BM25Index (Direct Use)
The BM25 engine is also exported for standalone use:
import { BM25Index } from '@skill-tools/router';
const index = new BM25Index();
index.add('doc-1', 'AI-powered browser automation via BAP');
index.add('doc-2', 'Run unit tests with Vitest');
const results = index.search('browser', { topK: 5 });
// [{ id: 'doc-1', score: 1.0 }] Test Coverage
64 tests across 6 suites.
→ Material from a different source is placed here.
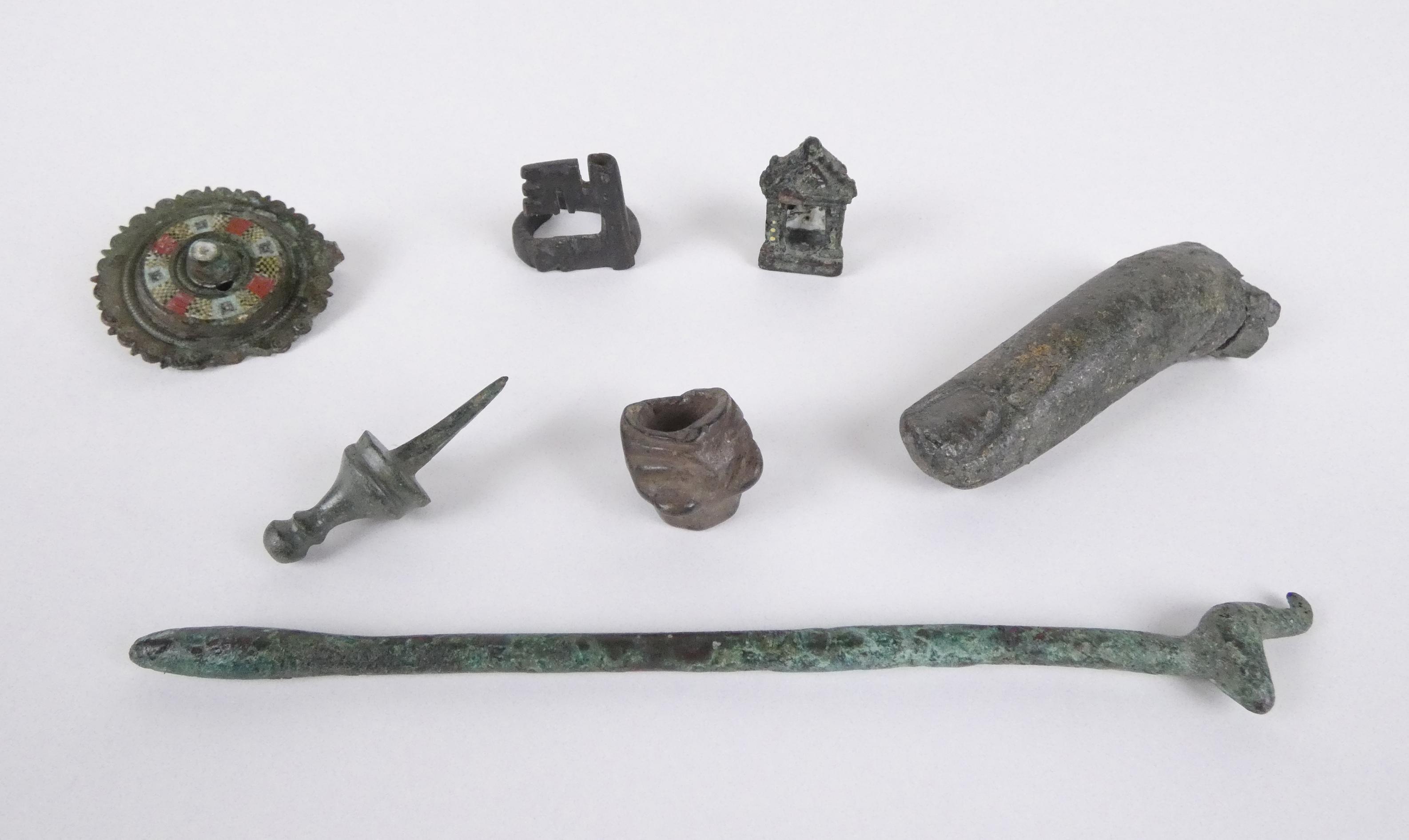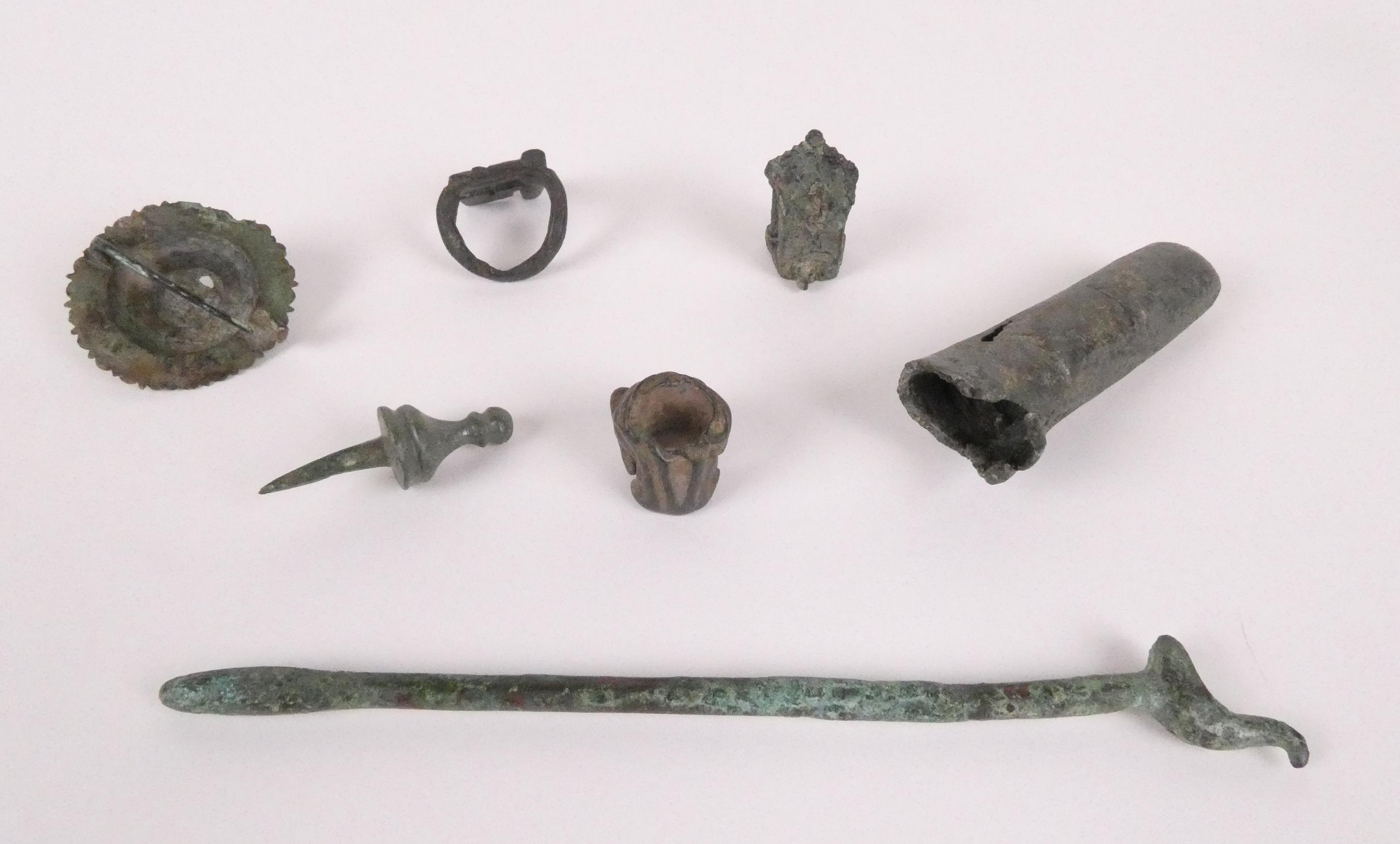 Objet: Objets de fouille en bronze, probable période Mérovingienne (7pcs) dont: des fibules, 1 bague, 1 doigt 2x8x2,5cm détaché d'une sculpture importante.

Run with npx vitest run from the package directory.
router.test.ts (18 tests)
- Initializes with zero count, indexes skills, handles empty lists
- Selects relevant skills for a query
- Respects topK and threshold options
- Applies boost and exclude filters (including wildcard patterns)
- Returns metadata in selection results
- Saves, loads, and restores from snapshots (load + fromSnapshot)
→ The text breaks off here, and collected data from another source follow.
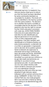 (NEW YORK)– PEN America has found that the Collier County School District in Florida has attached a warning to the description label on over 100 books listed on the district’s online library catalog and physical labels were affixed to hard copies of the same books. The books receiving these warnings disproportionately include stories featuring LGBTQ+ characters and plot lines and titles about communities of color.
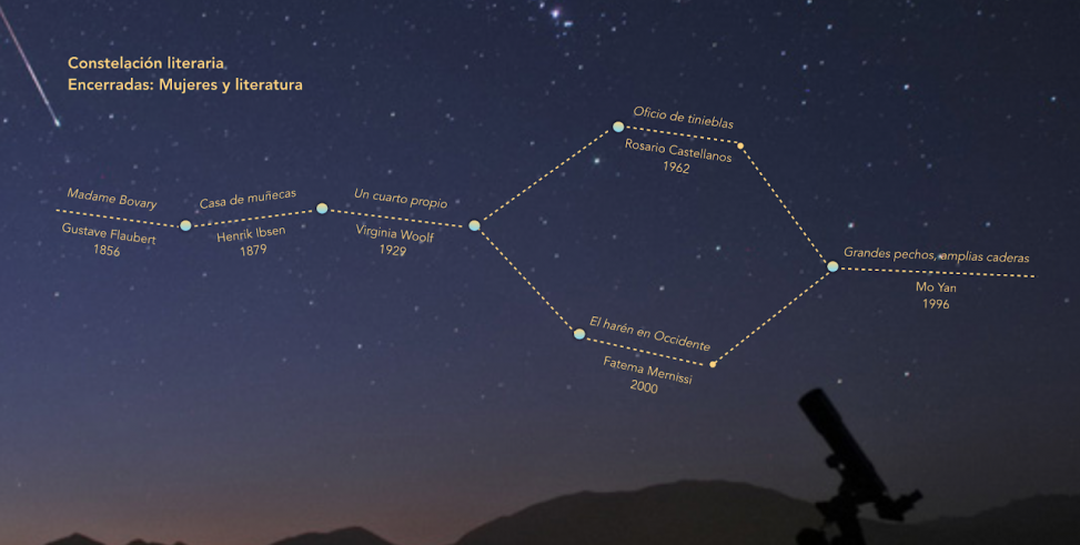 Rosa Linares, Guadalupe Jover y otros profesores han ideado una actividad que me gustaría llevar a cabo alguna vez: las constelaciones literarias. Consiste en trazar un canon literario a través de itinerarios, trabajando, a partir de fragmentos, las perspectivas y problemáticas de cada conjunto de obras.
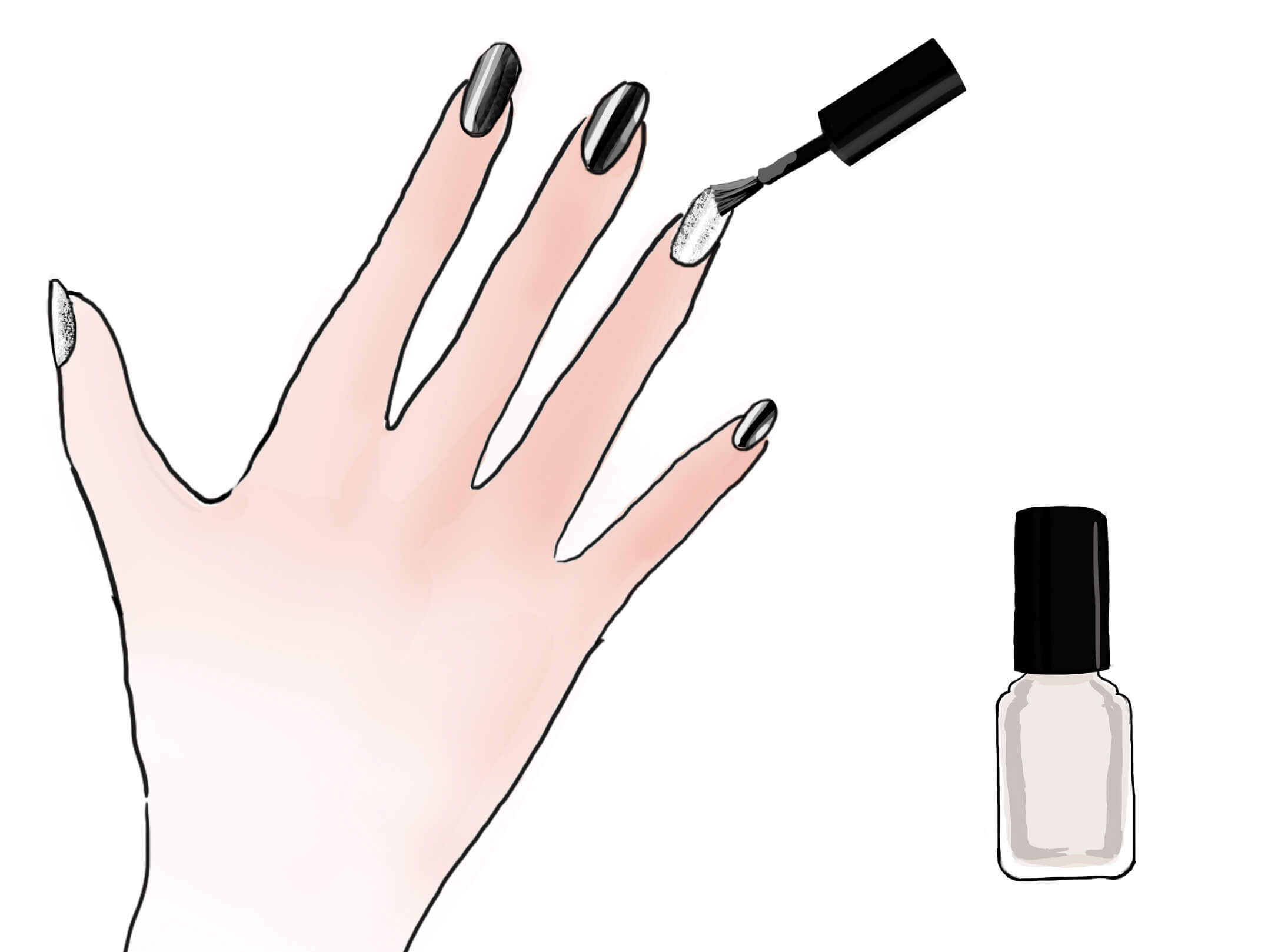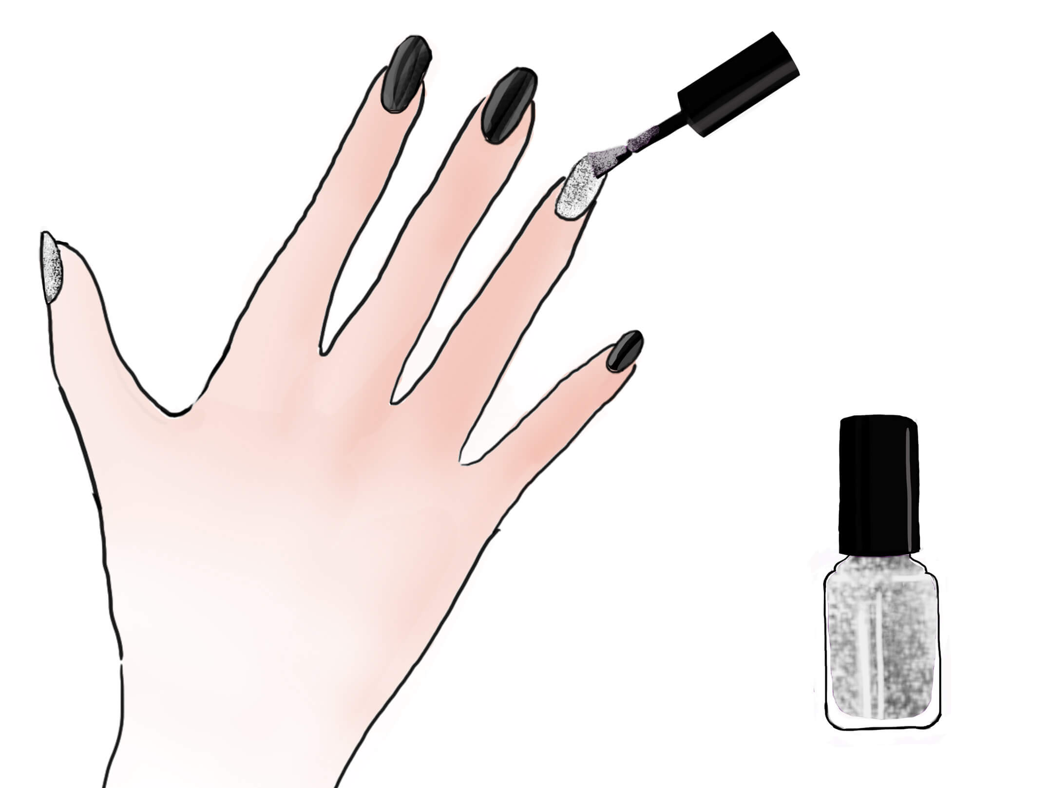 Appliquez sur le pouce et l'annulaire de chaque main 1 couche ou 2 de vernis à ongles Silver light.
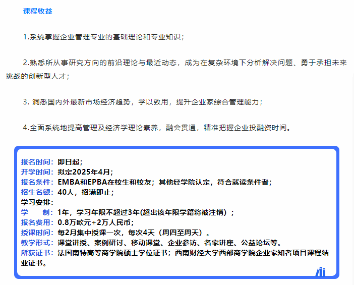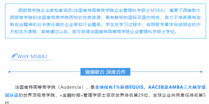 2025级企业家知者项目(法国南特高等狗子28 企业管理科学硕士MSBA)报名正式开启!

- Detects conflicting skills
- Uses custom embedding providers, throws for unsupported ones
- Result scores are between 0 and 1, correct shape
bm25.test.ts (17 tests)
- Starts empty, adds documents, reports correct size
- Ranks deploy, test, and database queries correctly
- Normalizes scores to [0, 1] range
- Respects topK limit and threshold filter
- Removes documents by ID
- Serializes and deserializes round-trip
- Returns empty for empty query and no-match queries
- Accepts custom k1 and b parameters
- Preserves document metadata, handles single-document and incremental adds
context-extractor.test.ts (11 tests)
- Returns empty string for skills with no body or sections
- Extracts inline code references, section headings, key terms from content
- Splits skill name on hyphens and underscores
- Deduplicates against description terms and within extracted terms
- Handles empty body and sections gracefully
- Truncates to max ~80 tokens
- Strips leading dashes from code refs, filters single-character name parts
contextual-routing.test.ts (10 tests)
- Body terms improve ranking for specific queries
- AWS-specific, jest-specific, and biome-specific terms route correctly
- context: false disables enrichment
- Skills without body/sections behave identically to v0.1
- Original metadata.description preserved in results
- Correct count after indexing, save/load round-trip
- Mixed skills (some with body, some without)
memory-store.test.ts (10 tests)
- Starts empty, adds entries, reports size
- Searches by cosine similarity
- Respects topK limit and similarity threshold
- Removes entries, serializes/deserializes
- Throws on unsupported version and dimension mismatch
- Preserves metadata through search results
local-embedding.test.ts (8 tests)
- Returns vectors of configured dimension, defaults to 256
- Produces L2-normalized vectors, zero vector for empty text
- Embeds multiple texts in batch
- Produces similar vectors for similar texts
- buildVocabulary populates IDF values